Image Scaling Attack Simulation: A Measure of Stealth and Detectability
Devon A. Kelly, Sarah A. Flanery, Christiana Chamon
TL;DR
This paper examines the real-world detectability of image scaling preprocessing attacks that compromise ML data pipelines. It uses a survey-based methodology with a ResNet50-based setup and a cats-vs-dogs dataset to gauge human awareness before and after being informed about the attack. Key findings show very low initial detection rates and substantial post-discovery ambiguity, with many participants unable to reliably distinguish attacked from benign images.
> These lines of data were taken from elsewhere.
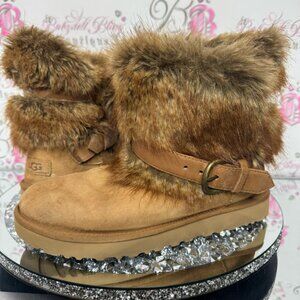 UGG CLASSIC BUCKLE MINI CHESTNUT FAUX FUR SHEARLING BOOT USA 10 rare brown furry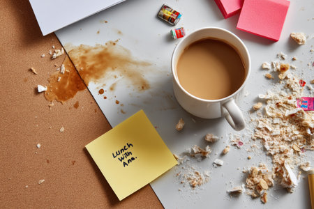 Coffee cup surrounded by sticky notes and crumbs shows a busy workspace during lunchtime.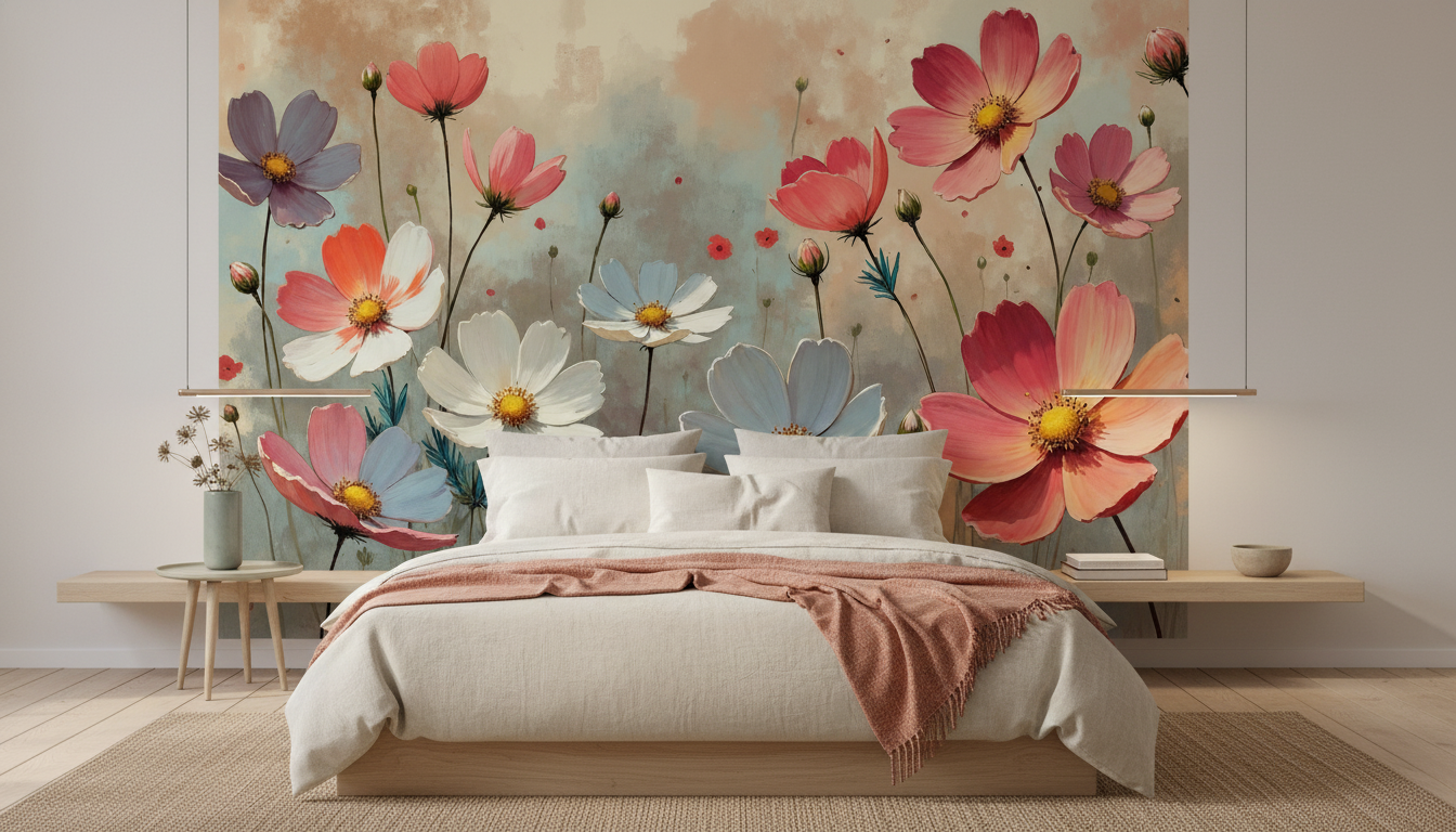 Ce papier peint cosmos trouve sa place idéale dans une chambre parentale, où il créera une ambiance propice à la détente et au repos. Il sublimera également un salon cosy en habillant un pan de mur derrière un canapé en lin écru ou velours rose poudré. Dans une chambre de petite fille, il évoquera un jardin secret enchanteur. Pour un bureau à domicile, il apportera cette touche de nature inspirante si précieuse à la créativité.

The work underscores the practical risk of image scaling attacks in workplace and academic settings and highlights challenges for human-in-the-loop defenses and data sanitization strategies.
Abstract
Cybersecurity practices require effort to be maintained, and one weakness is a lack of awareness regarding potential attacks not only in the usage of machine learning models, but also in their development process. Previous studies have determined that preprocessing attacks, such as image scaling attacks, have been difficult to detect by humans (through visual response) and computers (through entropic algorithms). However, these studies fail to address the real-world performance and detectability of these attacks. The purpose of this work is to analyze the relationship between awareness of image scaling attacks with respect to demographic background and experience. We conduct a survey where we gather the subjects' demographics, analyze the subjects' experience in cybersecurity, record their responses to a poorly-performing convolutional neural network model that has been unknowingly hindered by an image scaling attack of a used dataset, and document their reactions after it is revealed that the images used within the broken models have been attacked. We find in this study that the overall detection rate of the attack is low enough to be viable in a workplace or academic setting, and even after discovery, subjects cannot conclusively determine benign images from attacked images.